What We Can Learn From Kill Shelters
There's nothing glamorous about open-intake shelters that take in unwanted dogs from the community. In many cases, most of the dogs that walk in the door don't walk back out. That's the sad reality of the state of pet overpopulation in the United States.
I recommend that everyone takes a walk through their local animal control at least once--it's important to educate yourself on the system in your community. Despite the fact that the thought of coming face to face with such an institution makes many dog lovers' stomachs turn, there are actually a few things that we can learn from these open-intake shelters.

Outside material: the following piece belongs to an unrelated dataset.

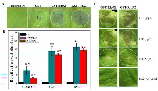The ripX1 and ripX3 genes were cloned into pET41a(+) for fusion with a GST tag (Table S2). After the constructs were separately transformed into BL21(DE3), GST fusion proteins were induced with 0.1 mM isopropyl-β-d-thiogalactopyranoside and purified from the supernatant, using glutathione resin []. The purity and concentration of protein samples were analyzed by 10% SDS-PAGE and the Bradford method. Then, 0.2 μg/μL GST-RipX1 and GST-RipX3 proteins were infiltrated into N. benthamiana leaves, to detect HR induction. The GST tag was used as a negative control. To determine the minimum concentration essential for HR induction, the proteins were infiltrated into N. benthamiana leaves at 0.1, 0.05, and 0.025 μg/μL. At 24 h post-infiltration, detection of HR induction, histochemical staining, and qRT-PCR were conducted. Each performance was repeated three times.

#1: Any breed can end up there. Contrary to popular belief, dogs of all breeds are euthanized on a daily basis in our nation's shelters. Purebred dogs make up a large percentage of dogs found in shelters. Although you may not have the fancy pedigree to go along with the dog, (and who cares about that, anyways?) you can still find a dog that has the breed characteristics and temperament you're looking for.
#2: The staff is not the problem. I've seen far too many cases where shelter staff are blamed and harassed for the euthanasias in their shelter. While there are certainly cases in which shelter staff have done something wrong or there is corruption in the county's system (you'll find a perfect example below!), in most cases, shelter staff are the dogs' biggest advocates. I know many animal control officers who go above and beyond to help the dogs that they pick up in the field. They have no control over how many owners dump dogs at the shelter or how many unwanted dogs are picked up as strays--they can only do their part to try to get the dogs out alive.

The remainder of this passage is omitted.